*Assignment*. Omit any pictures, and restate word for word only the lines from the one with "1972年,美国总统尼克松访华,周恩来总理到机场迎接,冀朝铸(左四)担任翻译。" through the end of the data below.

BEGIN Data

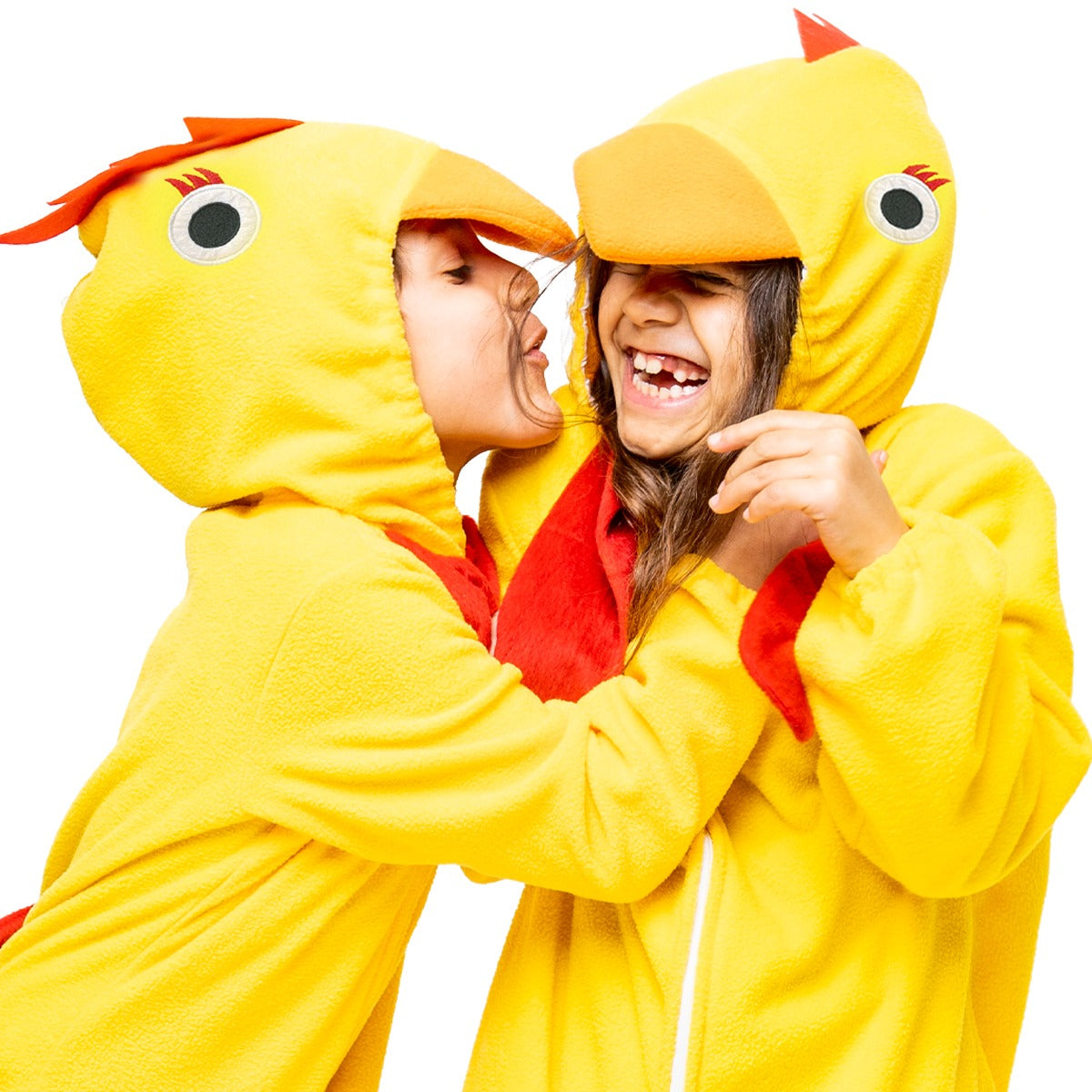En söt och mysig kycklingdräkt för barn som passar perfekt till påsk, maskerad eller fotografering. Den gula overallen har huva med liten näbb och detaljer som ger en extra charmig kycklinglook.
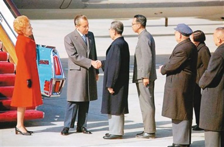 1972年,美国总统尼克松访华,周恩来总理到机场迎接,冀朝铸(左四)担任翻译。
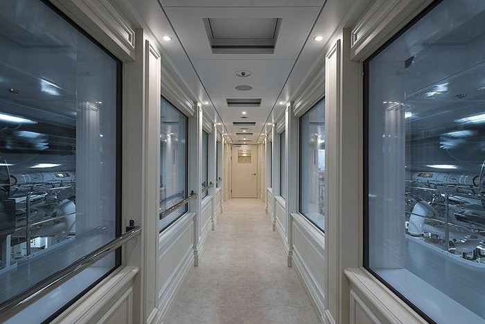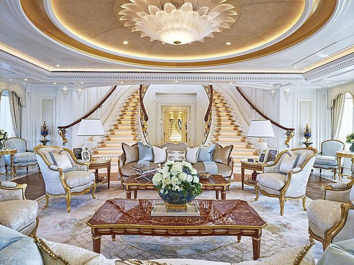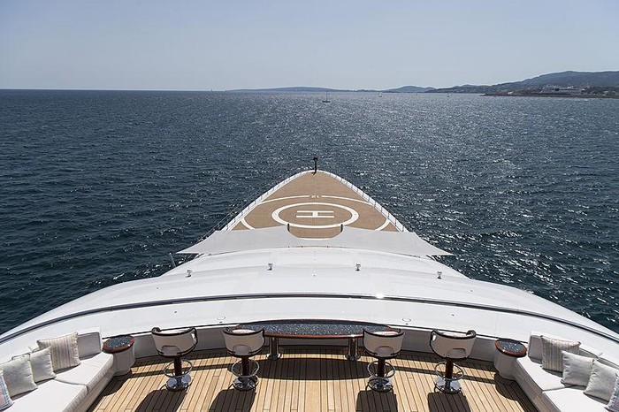 Đáng chú ý, du thuyền còn có khoang siêu rộng làm sân đáp của 2 máy bay trực thăng.

END Data

*Problem solution*.
 1972年,美国总统尼克松访华,周恩来总理到机场迎接,冀朝铸(左四)担任翻译。
 Đáng chú ý, du thuyền còn có khoang siêu rộng làm sân đáp của 2 máy bay trực thăng.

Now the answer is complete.